Originally published in the North Bay Business Journal The unexpected rise in the U.S. stock market in 2013 surprised even seasoned investors. The market punctuated an extraordinary year with gains on the last trading day, moving many of the American indexes to record highs for only the sixth time in history. Despite all the uncertainties — the government shutdown, Boston bombings, the ongoing Syrian uprisings, debt ceiling debates, NSA revelations, the lingering economic aftershocks of Superstorm Sandy — investors will look back at 2013 as one of the most profitable years on record, even with the bit of a bumpy ride this January. The widely-quoted S&P 500 index of large company stocks gained 32.4 percent in 2013, with 10.5 percent returns in the year’s final quarter. Small company stocks, as measured by the Russell 2000 index, gained a remarkable 38.8 percent for the year; generating 8.7 percent of returns in the final quarter. These returns were remarkable. The S&P gains were the highest since 1997, and the 3rd highest since 1970. The small cap returns are the third-highest since 1980. Pundits and economists didn’t think returns like this were possible. If anything, the five-year gains since the market downturn have been even more extraordinary. The S&P 500 has posted an average 17.9 percent gain over the last 60 months, and the Russell 2000 small cap index has fared even better with an annualized return of 20.1 percent. Investors who got out of stocks during the market crisis of 2008 and worried ever since have missed out on one of the best five-year market runs in American history. On a comparative basis, it was also another great year for the small and value investor. Financial science has repeatedly proven that small company and value stocks outperform their benchmarks over the long-term.

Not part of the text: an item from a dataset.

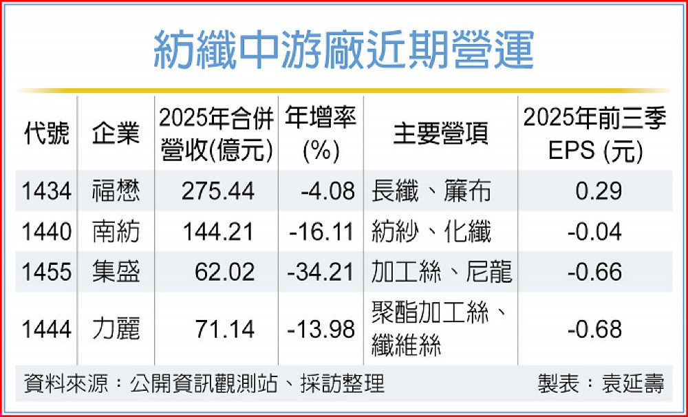 紡纖中游廠透過積極調整產品結構、減量經營規格化紡品,以及精實高值化、創新產品的生產策略,包括福懋(1434)、南紡(1440)、力麗(1444)、集盛(1455)均認為整體產業環境已有改善,預期今年營收、獲利可較去年提升。

Long-term investors are like farmers
Commentators, investment strategists, and economists don’t agree on whether we are experiencing a temporary rise in the midst of a long-term bear market, as experienced during the Great Depression, or the strong early stirrings of a long-term bull like the one which started in 1982. The truth is, nobody knows, just as nobody knew that the U.S. stock markets would reel off such strong returns after the recent financial crisis and near-collapse of the banking system. Long-term investors can be compared to farmers, who plant seeds with no foreknowledge of the weather during their growing season, and no belief that what happened this year has any impact on what will happen in the next one. There will be bad years and good years, but over time, the good years tend to outnumber bad ones. For this reason, it makes sense to continue planting the seeds each Spring – or staying invested in the stock market even when each coming year is a mystery.
What’s next?
Long-term, stocks tend to reflect the overall growth of the economy. One possible reason why so many investors remain nervous about stocks is the persistent — and erroneous belief — that the U.S. economy is still mired in a recession. You hear words like “sluggish” in the press, but in fact, the total output of the American economy has grown steadily since the 2008 meltdown, and the pace of growth seems to be accelerating. Economic signs are encouraging. Total corporate profits rose $39.2 billion in the third quarter, following an increase of $66.8 billion in the second. U.S. home prices recently posted their largest one-month rise in more than seven years, and some markets have seen housing values reach their prerecession levels. Even so, many investors will continue to wait on the sidelines, looking for “proof” that the market recovery is finally for real, while others will keep their money from working on their behalf with an expectation of a crash. The former will finally get back in when prices have peaked, and will, in fact, be our most reliable indicator that the market has become overvalued. The latter will miss the next downturn, but also lose out on the positive returns that have, historically, outweighed the losses suffered in bear markets. The past five years have given us a useful lesson: that you plant your seeds in the expectation that there will be bad harvests from time to time, but these unexpected booming years will more than make up for the losses.